■ Excerpts from a dataset:

·····

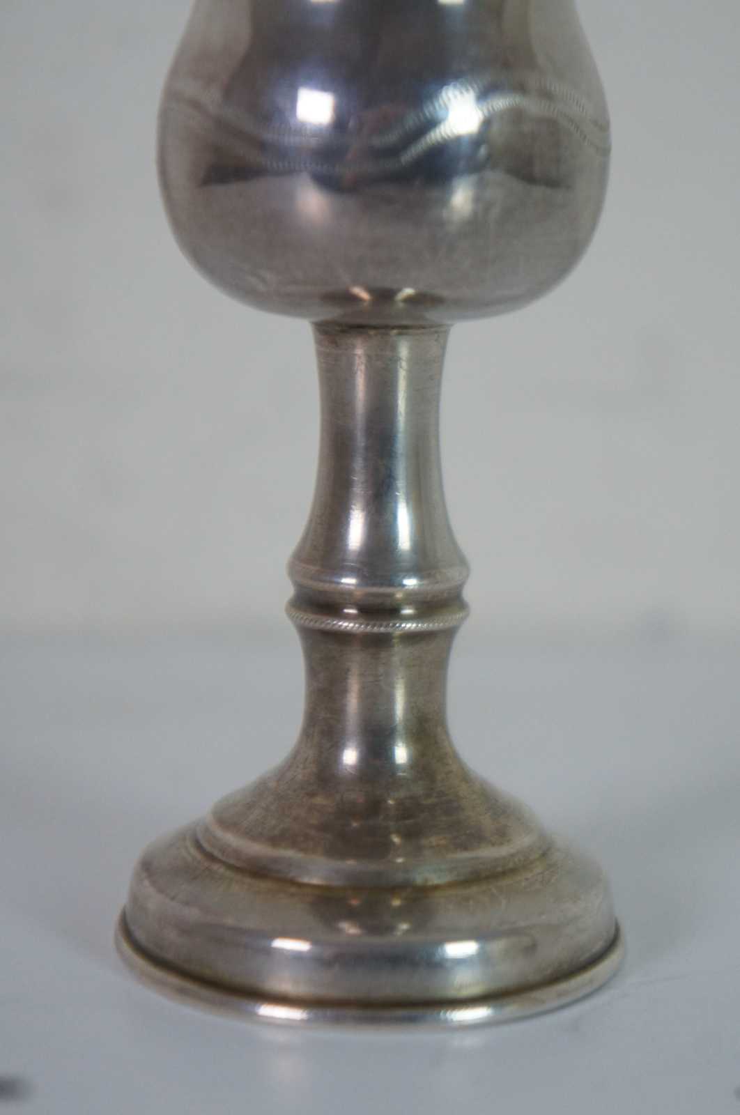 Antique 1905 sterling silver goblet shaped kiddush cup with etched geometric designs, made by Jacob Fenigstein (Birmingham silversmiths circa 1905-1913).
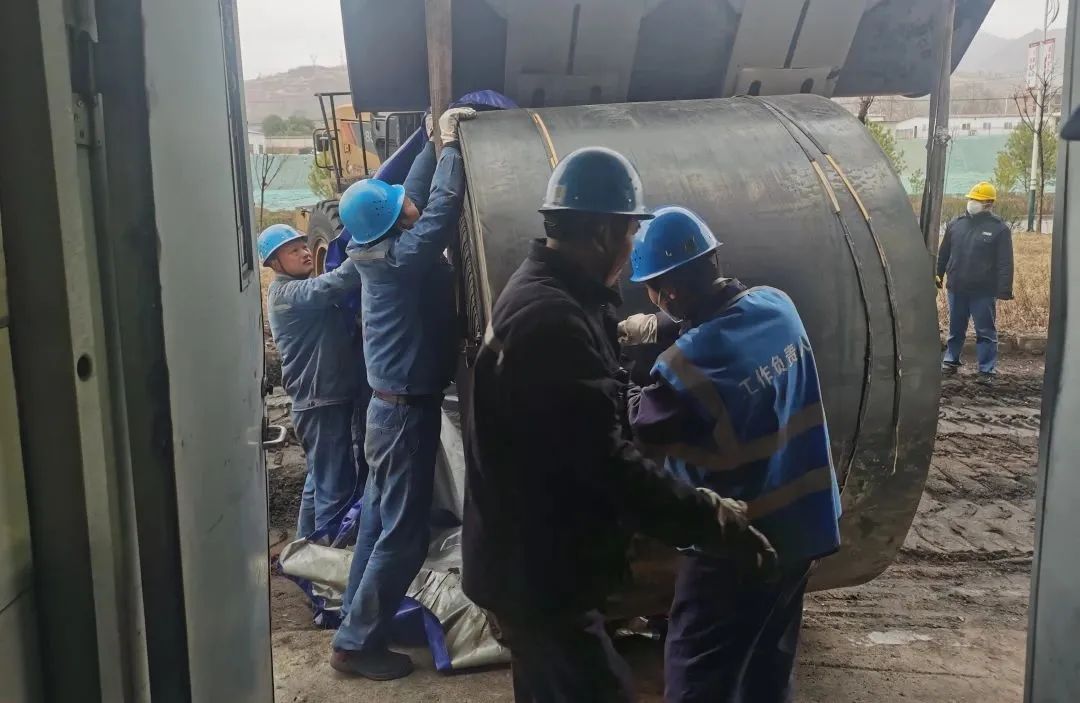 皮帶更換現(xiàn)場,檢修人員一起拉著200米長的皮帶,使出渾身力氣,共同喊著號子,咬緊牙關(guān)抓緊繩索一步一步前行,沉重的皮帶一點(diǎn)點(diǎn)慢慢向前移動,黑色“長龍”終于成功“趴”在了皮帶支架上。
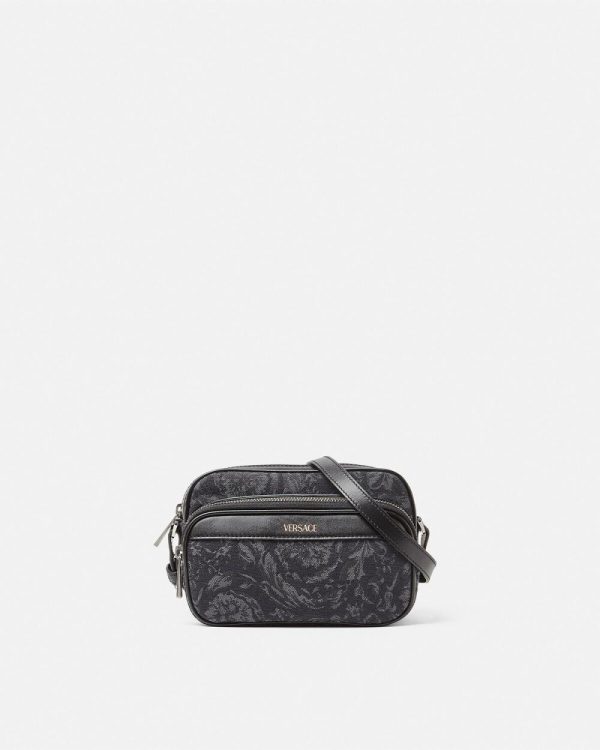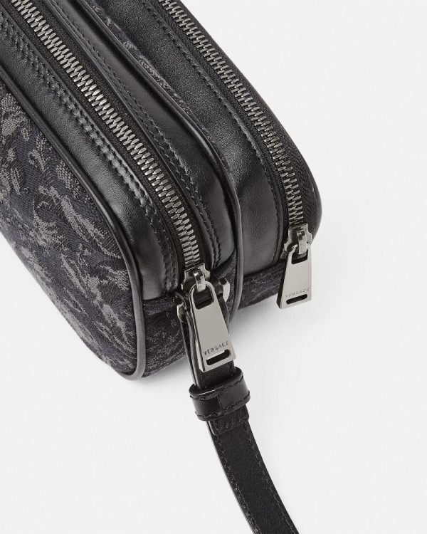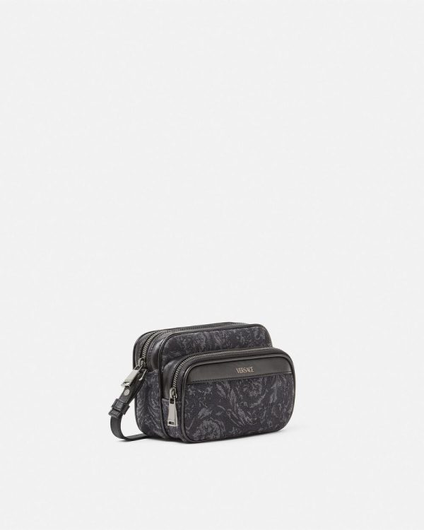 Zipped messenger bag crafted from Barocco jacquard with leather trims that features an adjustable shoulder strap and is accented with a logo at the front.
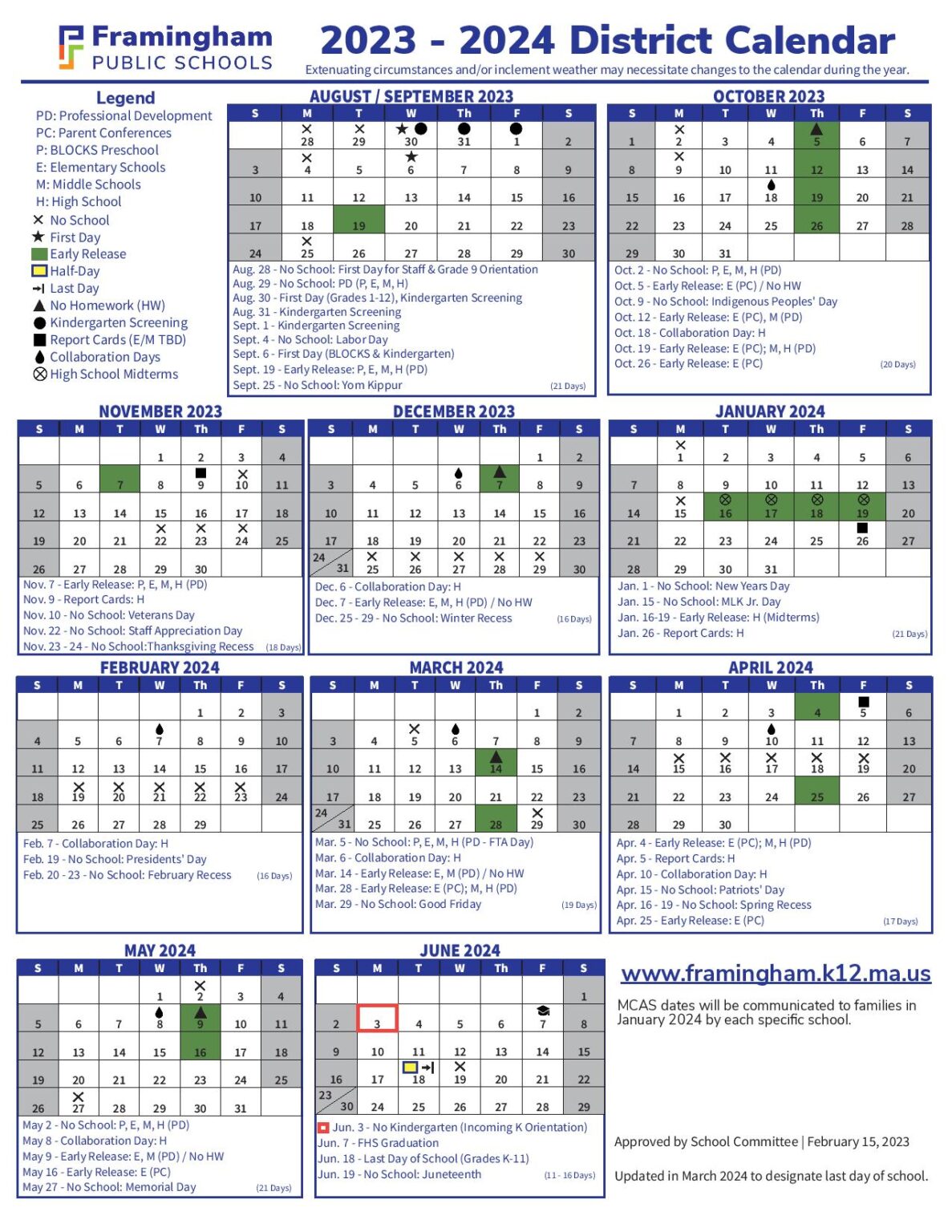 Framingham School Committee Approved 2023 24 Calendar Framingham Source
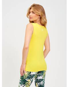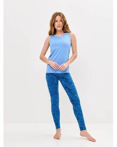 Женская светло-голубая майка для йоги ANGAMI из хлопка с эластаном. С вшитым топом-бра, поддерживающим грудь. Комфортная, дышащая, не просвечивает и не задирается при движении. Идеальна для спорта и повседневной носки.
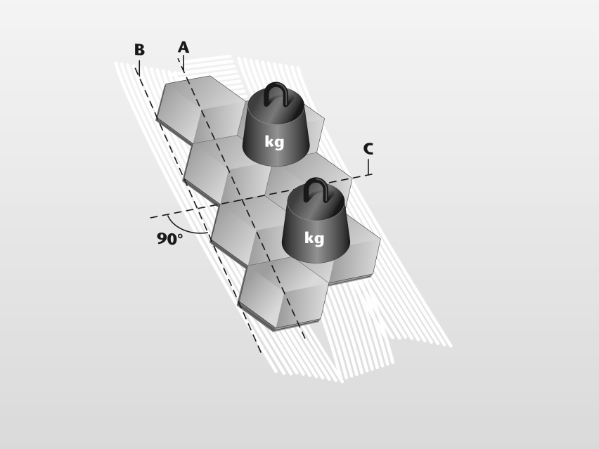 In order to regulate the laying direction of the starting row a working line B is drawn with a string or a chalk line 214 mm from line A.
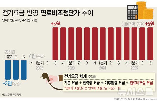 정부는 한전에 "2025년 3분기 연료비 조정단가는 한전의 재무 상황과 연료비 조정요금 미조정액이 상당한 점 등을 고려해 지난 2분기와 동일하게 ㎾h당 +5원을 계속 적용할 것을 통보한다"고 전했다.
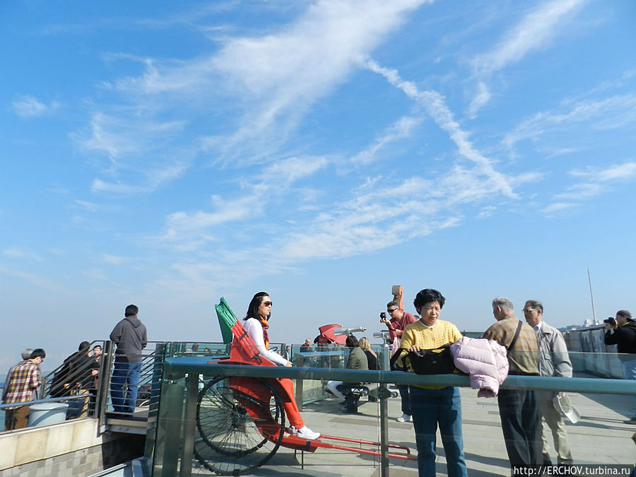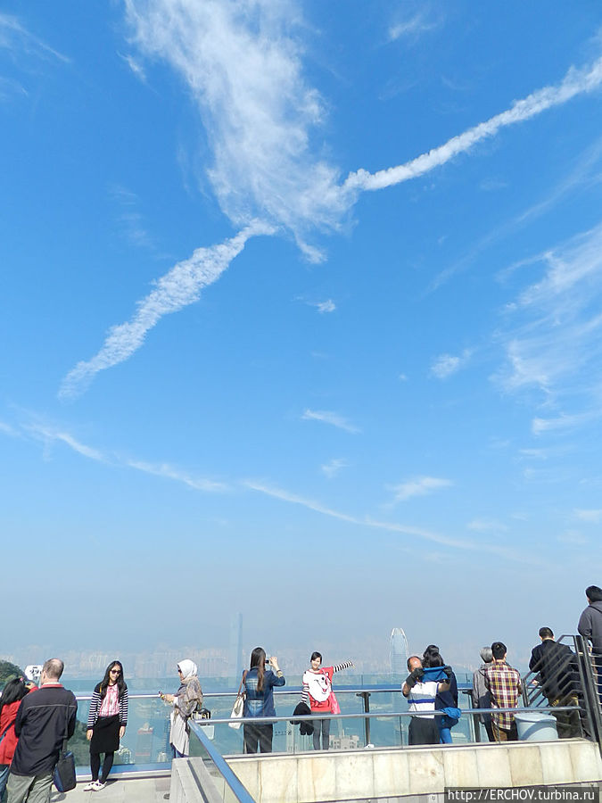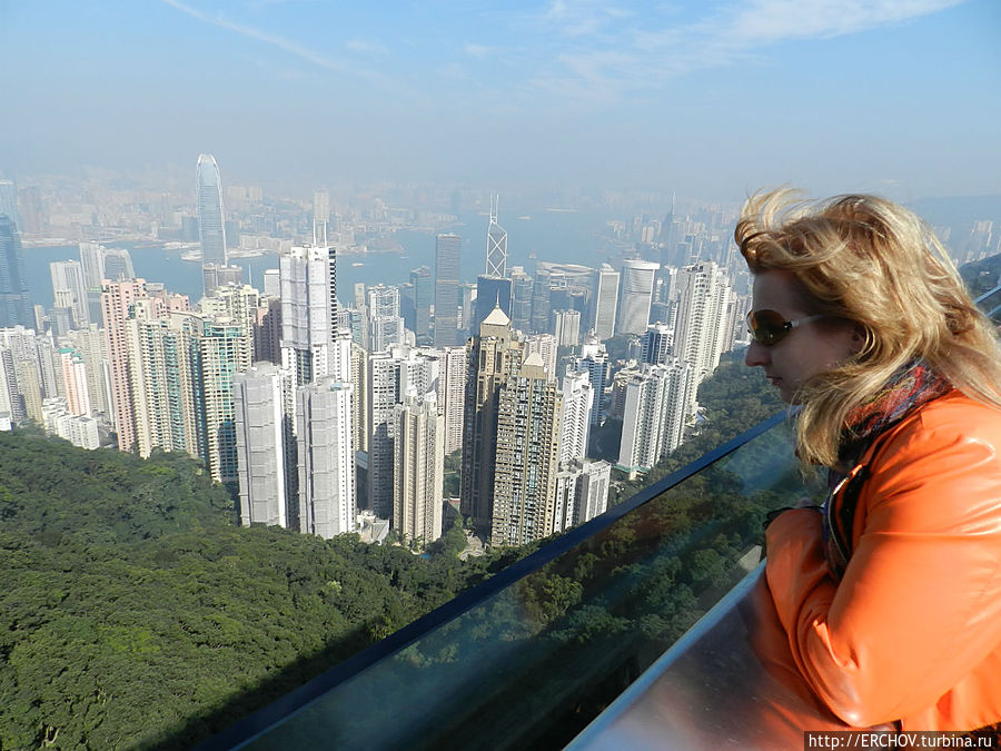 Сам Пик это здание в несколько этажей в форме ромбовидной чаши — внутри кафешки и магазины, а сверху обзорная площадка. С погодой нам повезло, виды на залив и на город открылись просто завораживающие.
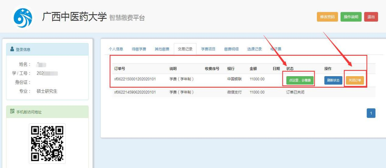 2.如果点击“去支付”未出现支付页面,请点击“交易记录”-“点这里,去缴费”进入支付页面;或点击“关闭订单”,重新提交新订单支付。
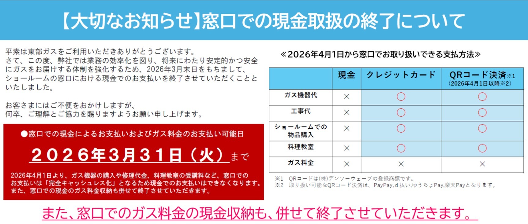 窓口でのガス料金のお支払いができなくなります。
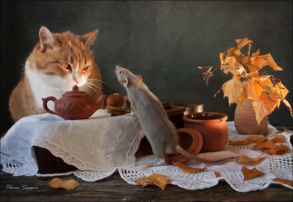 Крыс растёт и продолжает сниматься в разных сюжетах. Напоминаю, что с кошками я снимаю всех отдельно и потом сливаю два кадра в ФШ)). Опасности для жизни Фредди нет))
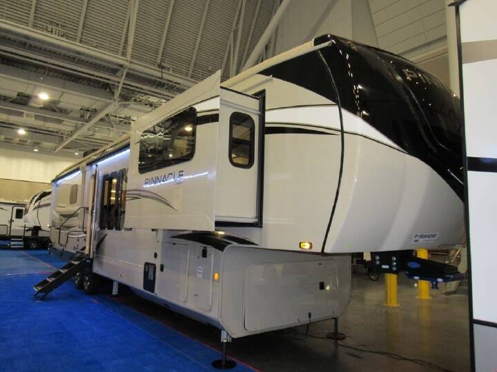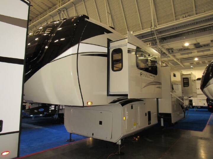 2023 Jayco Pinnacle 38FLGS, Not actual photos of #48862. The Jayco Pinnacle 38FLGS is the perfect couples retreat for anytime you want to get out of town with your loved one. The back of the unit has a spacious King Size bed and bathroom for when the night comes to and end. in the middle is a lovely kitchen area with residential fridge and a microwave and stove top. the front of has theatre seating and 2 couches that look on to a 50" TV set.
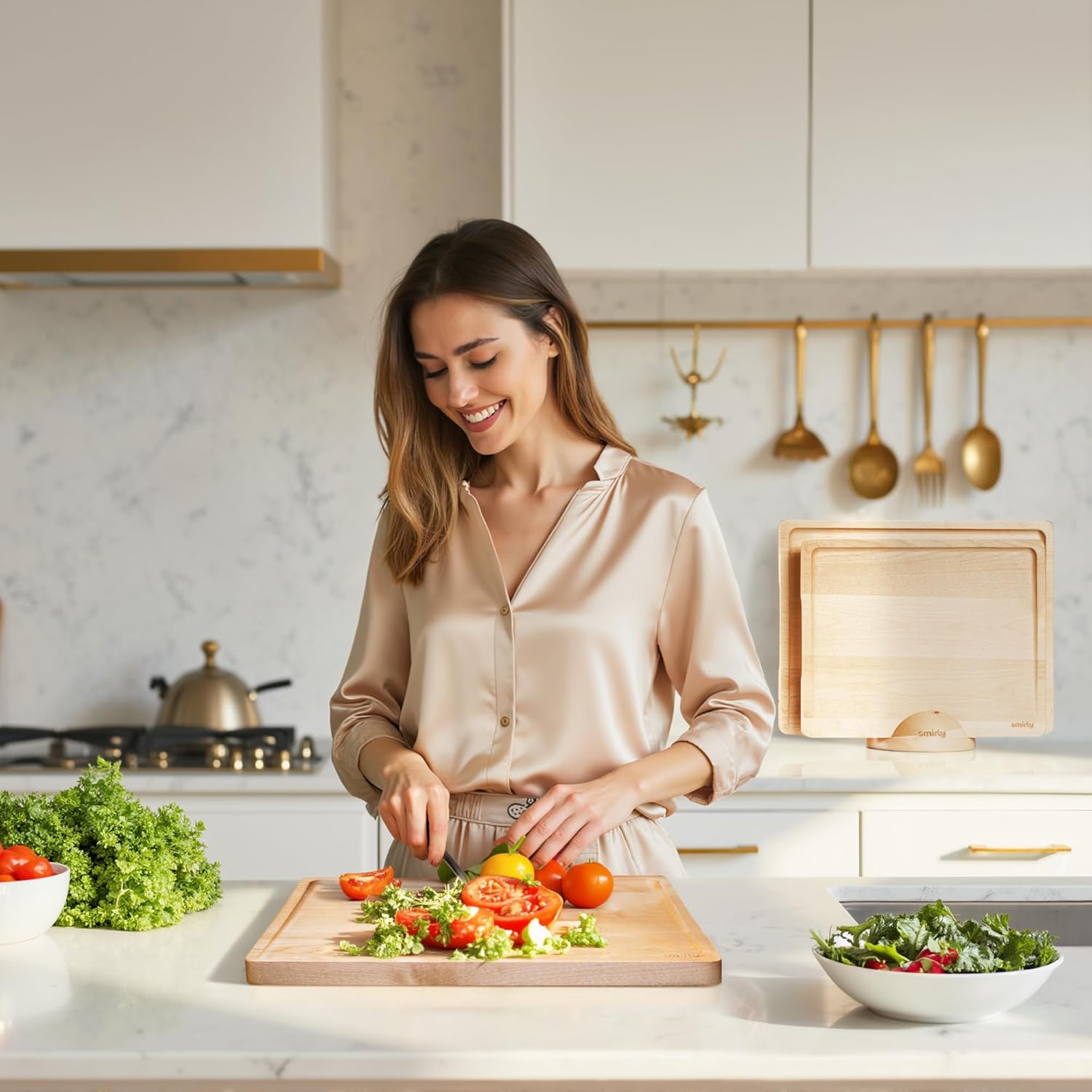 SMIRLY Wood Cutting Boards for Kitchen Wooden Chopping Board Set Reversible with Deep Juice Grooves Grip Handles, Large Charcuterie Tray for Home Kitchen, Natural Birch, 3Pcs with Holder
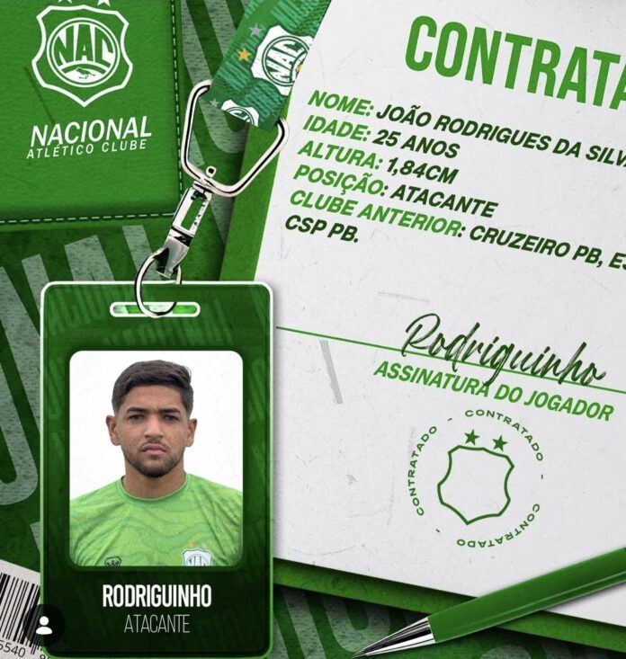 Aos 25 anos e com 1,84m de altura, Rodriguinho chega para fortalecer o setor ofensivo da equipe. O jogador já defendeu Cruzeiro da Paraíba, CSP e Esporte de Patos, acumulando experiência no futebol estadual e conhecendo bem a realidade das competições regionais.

·····

■ Problem details: Using the entries above, write out exactly the lines from the one with "皮帶更換現(xiàn)場,檢" through the one with "Сам Пик это", ends included. Leave out any pictures.

■ Solution to this problem:
 皮帶更換現(xiàn)場,檢修人員一起拉著200米長的皮帶,使出渾身力氣,共同喊著號子,咬緊牙關(guān)抓緊繩索一步一步前行,沉重的皮帶一點(diǎn)點(diǎn)慢慢向前移動,黑色“長龍”終于成功“趴”在了皮帶支架上。
 Zipped messenger bag crafted from Barocco jacquard with leather trims that features an adjustable shoulder strap and is accented with a logo at the front.
 Framingham School Committee Approved 2023 24 Calendar Framingham Source
 Женская светло-голубая майка для йоги ANGAMI из хлопка с эластаном. С вшитым топом-бра, поддерживающим грудь. Комфортная, дышащая, не просвечивает и не задирается при движении. Идеальна для спорта и повседневной носки.
 In order to regulate the laying direction of the starting row a working line B is drawn with a string or a chalk line 214 mm from line A.
 정부는 한전에 "2025년 3분기 연료비 조정단가는 한전의 재무 상황과 연료비 조정요금 미조정액이 상당한 점 등을 고려해 지난 2분기와 동일하게 ㎾h당 +5원을 계속 적용할 것을 통보한다"고 전했다.
 Сам Пик это здание в несколько этажей в форме ромбовидной чаши — внутри кафешки и магазины, а сверху обзорная площадка. С погодой нам повезло, виды на залив и на город открылись просто завораживающие.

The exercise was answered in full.